───── RAW DATA

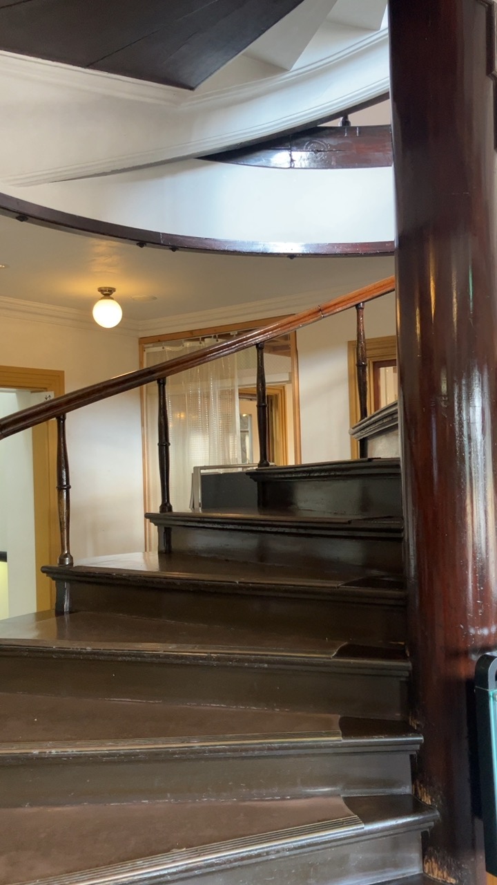小坂鉱山事務所ではウェディングドレスやイブニングドレスなど、いろいろな衣装を貸し出してくれます。この螺旋階段など、事務所内のいろいろな場所で記念写真を撮ることができます。
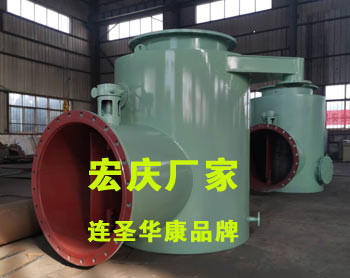 4、分匯器是一個(gè)三通閥,通過(guò)導(dǎo)向板的切換可使膠球進(jìn)入需要清洗的一側(cè)凝汽器中工作。一般一臺(tái)機(jī)組需兩臺(tái)分匯器,其進(jìn)口通徑為DN100,分配口為DN89,膠球投用時(shí)可通過(guò)窺視窗觀察運(yùn)行情況。FH型分匯器(清潔海綿膠球切換三通管閥)
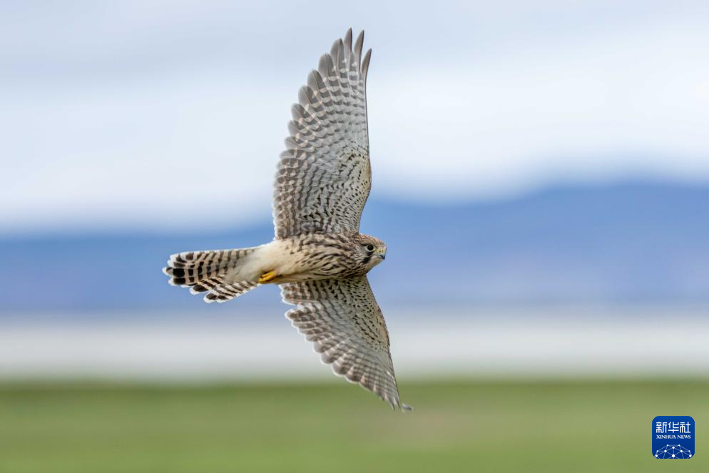 7月22日拍攝的瑪旁雍錯(cuò)濕地上棲息的國家二級保護(hù)野生動物紅隼。新華社記者 旦增尼瑪曲珠 攝
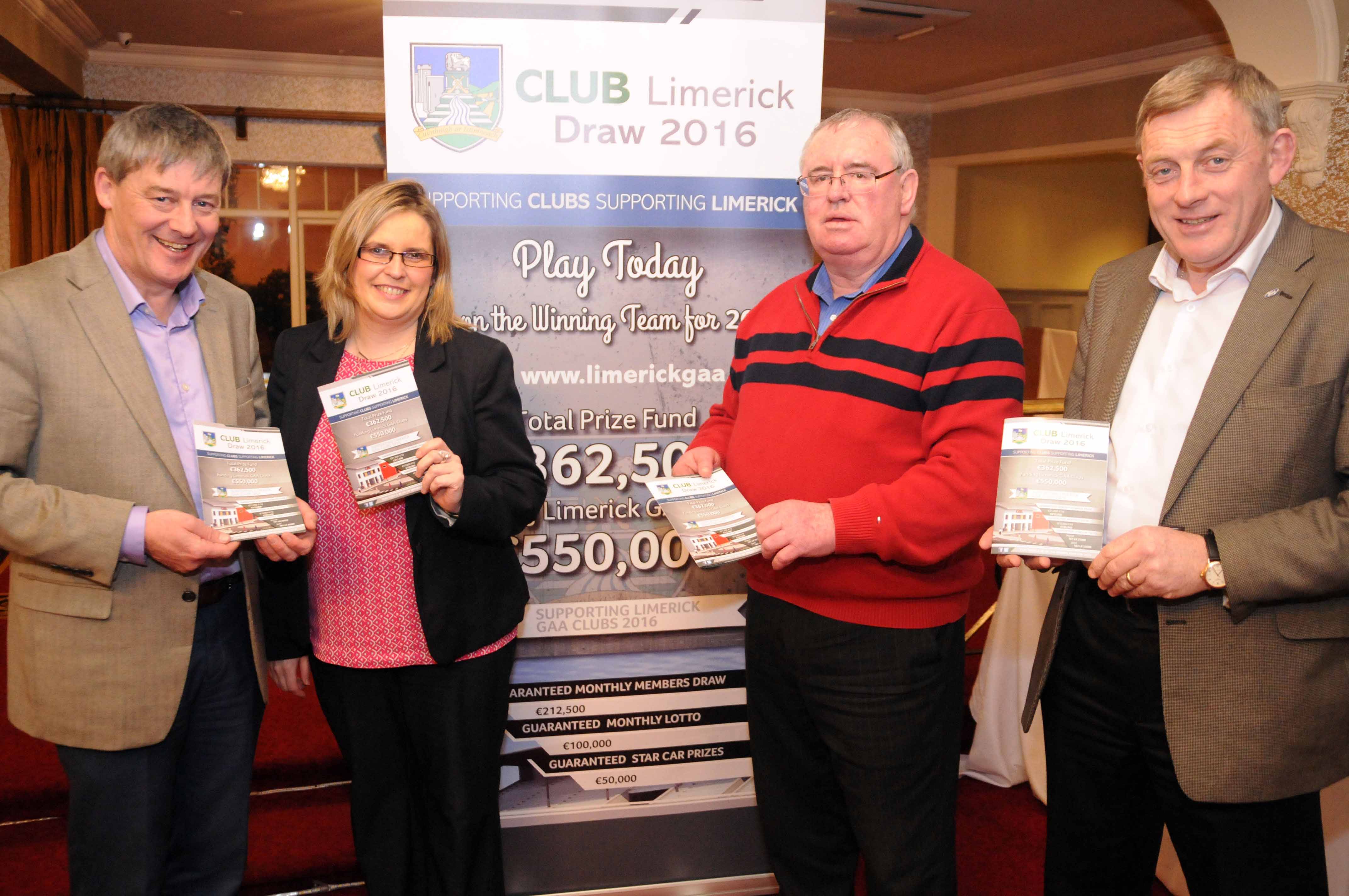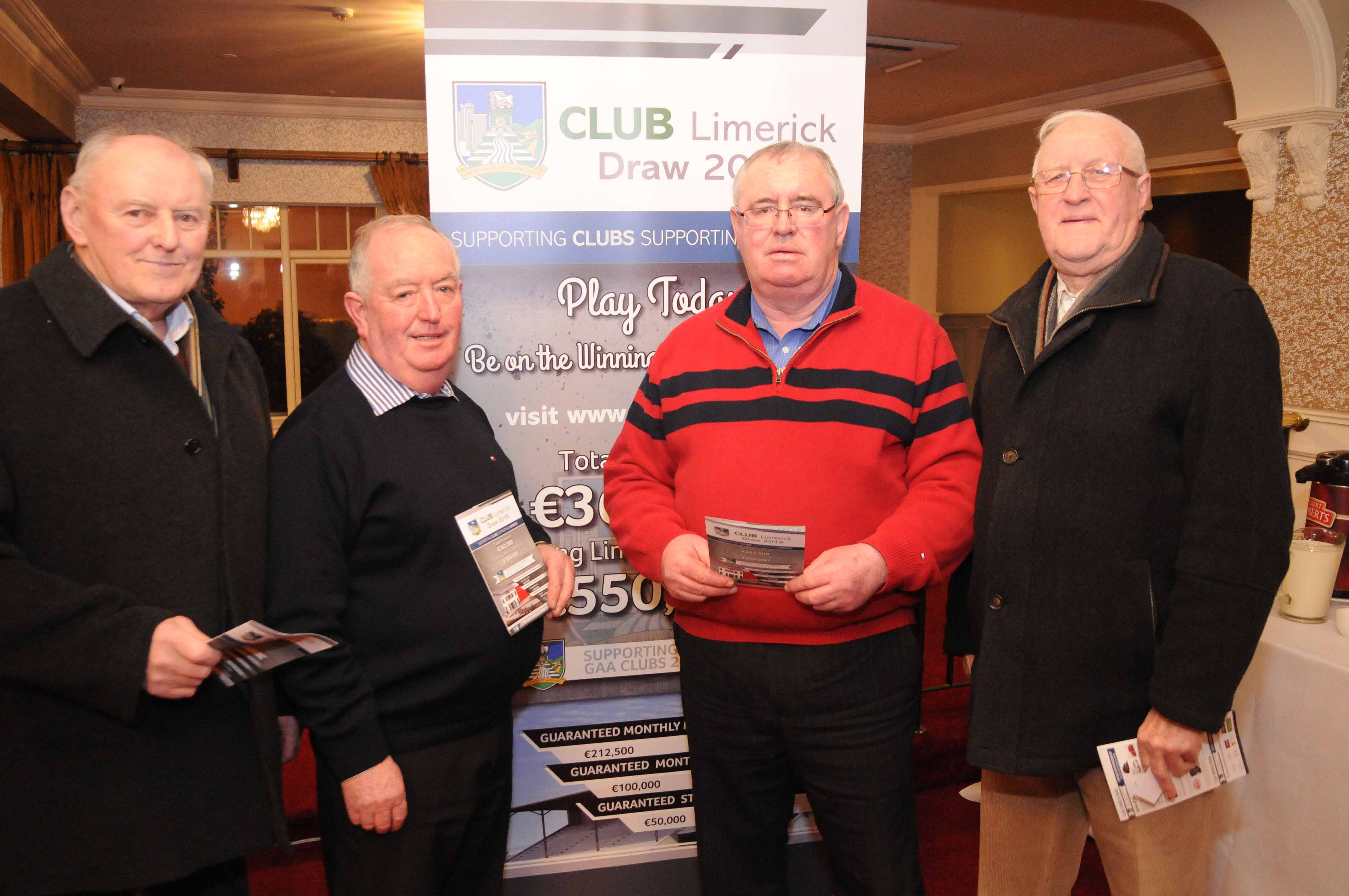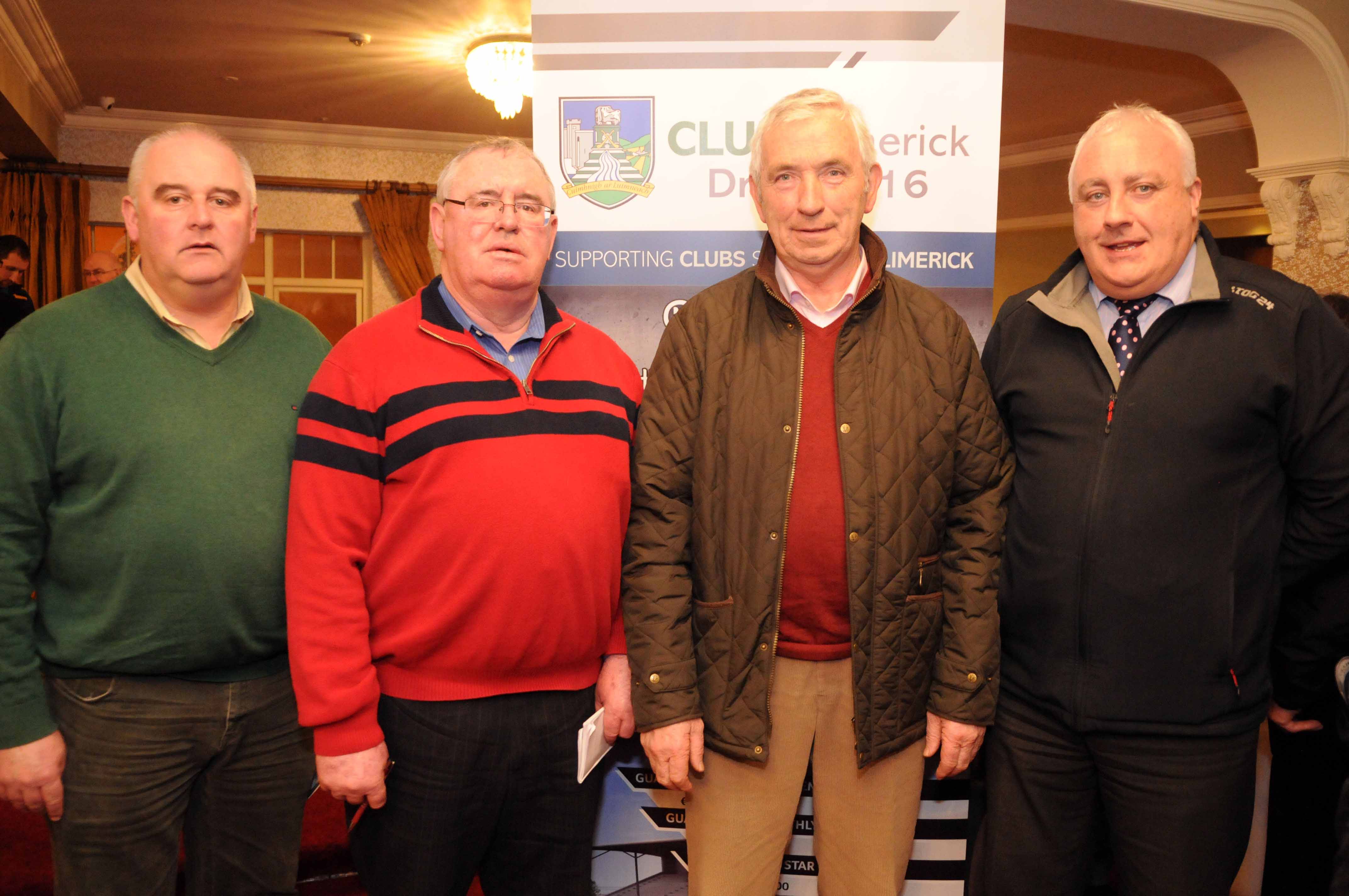 At the launch of the Limerick GAA club draw 2016 in the Woodlands hotel Adare was Micheal Roberts Ballybrown, Tim Ryan Crecora, Oliver Mann Chairman Limerick GAA and Pat Davoren Ballybrown

──────────

#### EXERCISE REQUIREMENTS:
Quote the material in full and exactly; do not carry over its pictures.

#### EXPECTED ANSWER:
小坂鉱山事務所ではウェディングドレスやイブニングドレスなど、いろいろな衣装を貸し出してくれます。この螺旋階段など、事務所内のいろいろな場所で記念写真を撮ることができます。
 4、分匯器是一個(gè)三通閥,通過(guò)導(dǎo)向板的切換可使膠球進(jìn)入需要清洗的一側(cè)凝汽器中工作。一般一臺(tái)機(jī)組需兩臺(tái)分匯器,其進(jìn)口通徑為DN100,分配口為DN89,膠球投用時(shí)可通過(guò)窺視窗觀察運(yùn)行情況。FH型分匯器(清潔海綿膠球切換三通管閥)
 7月22日拍攝的瑪旁雍錯(cuò)濕地上棲息的國家二級保護(hù)野生動物紅隼。新華社記者 旦增尼瑪曲珠 攝
 At the launch of the Limerick GAA club draw 2016 in the Woodlands hotel Adare was Micheal Roberts Ballybrown, Tim Ryan Crecora, Oliver Mann Chairman Limerick GAA and Pat Davoren Ballybrown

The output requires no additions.